The yogurt aisle presents a dizzying array of choices. Nonfat to low-fat to cream-top. Greek-style, Icelandic or Australian. Cow’s milk, goat’s milk or no dairy milk at all.

How to pick?

“Your best bet is to choose yogurt in its most simple, plain form,” advises Alicia Romano, a clinical dietitian at the Frances Stern Nutrition Center at Tufts Medical Center. “Start with plain yogurt and then control what you add.”

While fat content has traditionally been the focus of yogurt labeling and advertising, Romano says what consumers should really be paying attention to is added sugar.

Yogurt naturally contains between 6 and 12 grams of sugar in a six-ounce serving (the size of most yogurt containers these days). So anything too far above that is something to be cautious about. “Some yogurts have up to 33 grams of sugar. That’s just crazy,” Romano says.

But what about the fat? “In general, low-fat would be a fine choice for most consumers. A lot of fat-free products tend to add more sugar to get some flavor,” Romano says.

Yogurts marketed specifically to children or toddlers can also be high in added sugar, she notes, so read labels carefully.
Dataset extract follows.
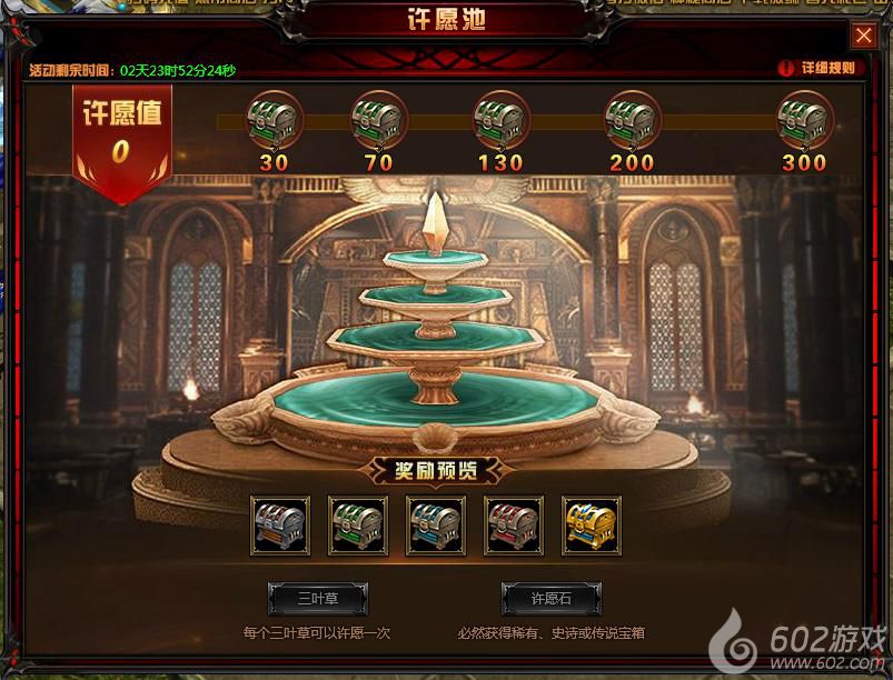 许愿池活动结束后,许愿值清零,但是未使用完三叶草和许愿石建议不要丢弃。

The same goes for nondairy yogurts, often made from soy, coconut or almond milks. They are likely to be highly processed and may have more added sweeteners and stabilizers to mimic the taste and consistency of dairy yogurt.

And watch for marketing that distracts from nutritional content, she says. For example, organic yogurts are just as likely as conventional ones to be high in added sugar, so while they may be good for the planet, they may not be great for you.